WORK TO BE COMPLETED: Reproduce precisely the lines of the material below from the line containing "Going past the" up to and including its last line. Pictures must not be copied.

DATA BLOCK:
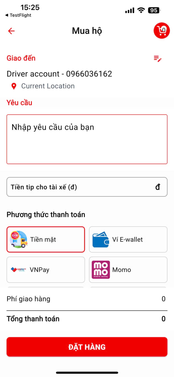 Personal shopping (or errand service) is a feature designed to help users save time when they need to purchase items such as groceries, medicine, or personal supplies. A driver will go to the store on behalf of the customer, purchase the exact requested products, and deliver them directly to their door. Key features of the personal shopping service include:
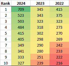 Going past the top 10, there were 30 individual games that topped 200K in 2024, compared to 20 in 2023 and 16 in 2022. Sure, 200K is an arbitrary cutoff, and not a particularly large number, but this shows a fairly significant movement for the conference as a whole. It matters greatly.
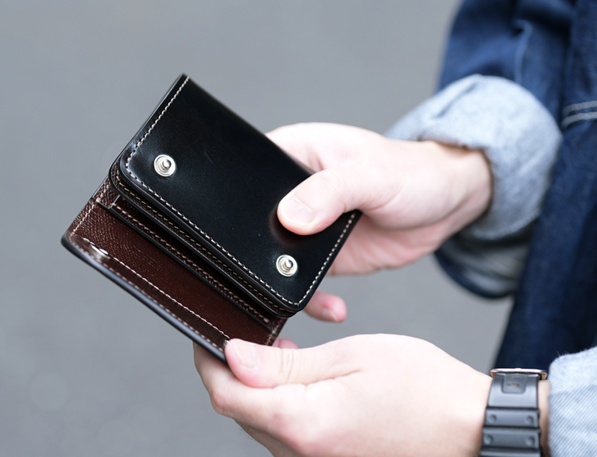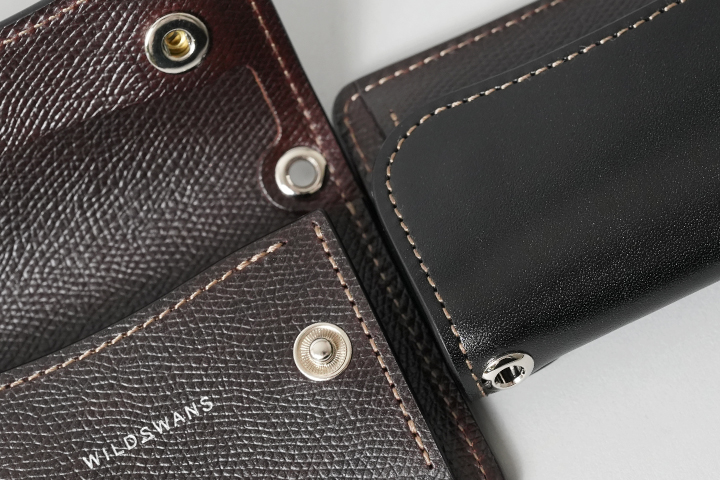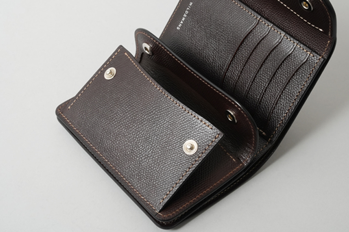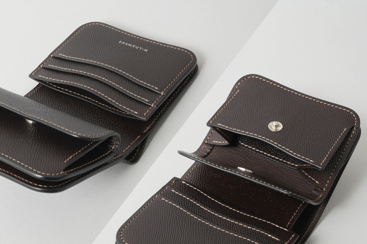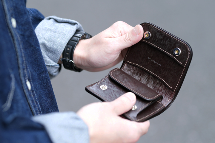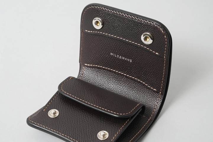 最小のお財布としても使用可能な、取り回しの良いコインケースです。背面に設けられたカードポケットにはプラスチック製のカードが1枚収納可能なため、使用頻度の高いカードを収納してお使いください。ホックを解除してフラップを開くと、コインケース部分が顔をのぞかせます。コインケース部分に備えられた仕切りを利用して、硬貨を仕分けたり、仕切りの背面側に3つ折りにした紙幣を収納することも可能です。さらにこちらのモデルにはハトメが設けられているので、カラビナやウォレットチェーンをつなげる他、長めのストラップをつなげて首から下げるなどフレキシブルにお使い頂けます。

EXERCISE ANSWER:
 Going past the top 10, there were 30 individual games that topped 200K in 2024, compared to 20 in 2023 and 16 in 2022. Sure, 200K is an arbitrary cutoff, and not a particularly large number, but this shows a fairly significant movement for the conference as a whole. It matters greatly.
 最小のお財布としても使用可能な、取り回しの良いコインケースです。背面に設けられたカードポケットにはプラスチック製のカードが1枚収納可能なため、使用頻度の高いカードを収納してお使いください。ホックを解除してフラップを開くと、コインケース部分が顔をのぞかせます。コインケース部分に備えられた仕切りを利用して、硬貨を仕分けたり、仕切りの背面側に3つ折りにした紙幣を収納することも可能です。さらにこちらのモデルにはハトメが設けられているので、カラビナやウォレットチェーンをつなげる他、長めのストラップをつなげて首から下げるなどフレキシブルにお使い頂けます。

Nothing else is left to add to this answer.